Table 1 Effect of heat stress on renal function in high-risk populations: Clinical, investigation, manifestations, and prognostic implications.

High-risk populations	Systemic clinical manifestations	Organ-specific clinical manifestations	Investigation	Prognosis	Ref.
Outdoor workers	Fever, dizziness, dehydration, fatigue, and hypotension	Flank pain, reduced urine output, and peripheral edema (renal and cardiovascular systems)	Elevated creatinine and BUN levels, decreased eGFR, and proteinuria	High risk of AKI and CKD, and recurrent hospitalizations	Chapman et al[163], Gallo-Ruiz et al[170]
Agricultural laborers	Fatigue, intense thirst, and heat exhaustion	Flank pain and oliguria (renal system)	Electrolyte disturbances, elevated creatinine levels, and proteinuria	High risk of nondiabetic CKD; repeated AKI episodes due to chronic dehydration	Wesseling et al[178], Nerbass et al[179]
Kitchen workers (chefs)	Dehydration, fatigue, and dizziness	Oliguria and lower limb edema (renal system)	Reduced eGFR and proteinuria	2.8-fold increased risk of AKI compared with the general population	Koh[171]
Brick manufacturing workers	Heat exhaustion, fatigue, and muscle pain	Flank pain and oliguria (renal system)	Elevated BUN and creatinine levels and reduced eGFR	High probability of latent CKD due to prolonged heat exposure	Gallo-Ruiz et al[170]
Marathon runners	Dehydration, muscle cramps, and heat exhaustion	Flank discomfort and urgency of urination (renal system)	Electrolyte imbalance and elevated creatinine levels	Transient AKI; reversible with prompt management	Tidmas et al[172]
Elderly individuals (aged ≥ 65 years)	Impaired thirst sensation, dizziness, and altered mental status	Hypertension, cardiac insufficiency, and oliguria (cardiovascular and renal systems)	Reduced creatinine clearance, elevated N-terminal pro B-type natriuretic peptide levels, and electrolyte imbalance	Rapid CKD progression; higher risk of hospitalization and mortality	Glaser et al[173], Johnson et al[174], Tran et al[175]
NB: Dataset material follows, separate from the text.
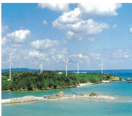
宜野座村風力発電所(平成10年)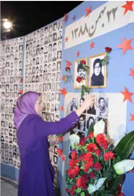
Frau Rajavi gedenkt der Gefallenen der Aufstände

Am Donnerstag, dem 11. Februar trafen sich am Abend viele in Frankreich lebenden Iraner in der Residenz von Maryam Rajavi, der vom iranischen Widerstand gewählten Präsidentin in Auvers-sur-Ois, um den Jahrestag der antimonarchistischen iranischen Revolution 1979 zu gedenken. Frau Rajavi äußerte bei

Pregnant women	Fatigue, hypotension, and dizziness	Proteinuria, pedal edema, and gestational hypertension (renal and cardiovascular systems)	Decreased eGFR, elevated liver enzyme levels, and proteinuria	Increased risk of preeclampsia, intrauterine growth restriction, and pregnancy-related AKI	Moronge et al[176]
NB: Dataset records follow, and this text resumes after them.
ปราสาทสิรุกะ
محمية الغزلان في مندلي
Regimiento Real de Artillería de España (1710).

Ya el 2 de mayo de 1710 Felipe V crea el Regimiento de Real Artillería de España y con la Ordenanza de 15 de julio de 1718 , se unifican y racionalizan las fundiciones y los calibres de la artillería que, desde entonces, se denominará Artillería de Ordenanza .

Immunocompromised individuals	Persistent fever, fatigue, and increased infection susceptibility	Recurrent urinary tract infections and hematuria (renal system)	Elevated C-reactive protein levels, leukopenia, and increased creatinine levels	High risk of renal deterioration; susceptibility to multiorgan failure	Leon et al[177]

AKI: Acute kidney injury; BUN: Blood urea nitrogen; CKD: Chronic kidney disease; eGFR: Estimated glomerular filtration rate.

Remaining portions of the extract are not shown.